Now, I have always approved of Banville's secondary career as Benjamin Black. I have reviewed most if not all of his oeuvre on this blog. OK, I didn't like Christine Falls as much the other Quirke novels, but I loved the faux Chandler of The Black-Eyed Blonde. It is scarcely a secret that I am drawn to novellas, largely because they are all I can write myself in my current condition, so when I saw this slim volume by Black sitting on the shelf I had to have it,
Woe is us, for we are undone. This - and I have to be blunt because Banville-Black is a major writer with a reputation of which he is prickly proud - is execrable scrapings from the barrel base. What is the bloody point? It's short but it is not a novella because a novella is as long as it needs to be whereas this is as long as Black can stretch the tissue-thin plot. The characters are all horrible without a single redeeming virtue, and that's only the main characters, the other participants have no character. The character who might just have sparked some empathy, the titular Lemur, is the victim in the so-called mystery. The obvious solution is someone we have never encountered and therefore don't give two hoots about.
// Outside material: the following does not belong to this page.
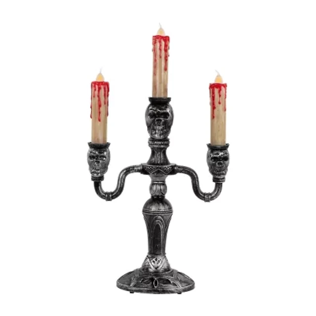 13.75'' Antique Silver Skull Trio Halloween Candelabra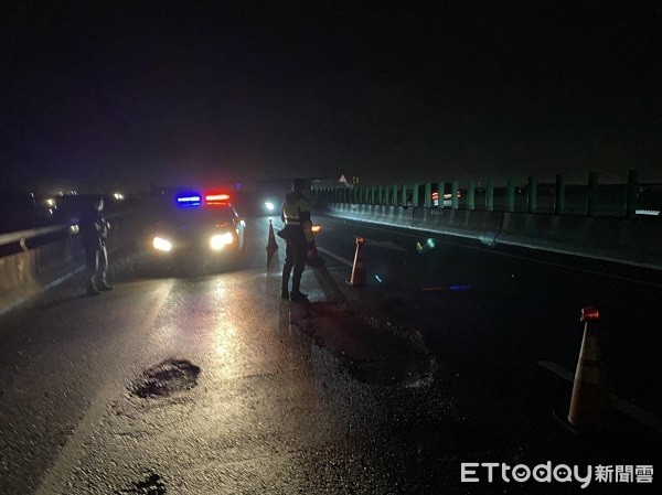 大園分局草漯派出所於昨晚18時30分接獲通報,在台61線高架南下38.1K處外側車道,因連日雨勢及重車輾壓,出現分別為1米至2米長,寬約5-60公分,深約10至15公分的2個坑洞,造成7、8部車輛因視線不良高速通過後爆胎故障。

It's set in some ghastly super-rich New York milieu in which multimilliionaire Big Bill Mulholland is ex-CIA (yawn) but still wants his forty-something son-in-law, the Irish super-journalist John Glass (don't give me that, Banville, I've read Irish newspapers) to write his biography, which - surprise, surprise - quickly uncovers uncomfortable truths. Glass is too lazy to do any writing, his wife is a sexless rich bitch, his mistress is a Boho artist who splashes paint about to no effect, and stepson David is Tony Curtis sending up Cary Grant in Some Like It Hot without being in any way amusing.
It's awful. It's like the American TV super-soaps of the 1980s and just about as insightful. It will be a while before I go near a Banville-Black again.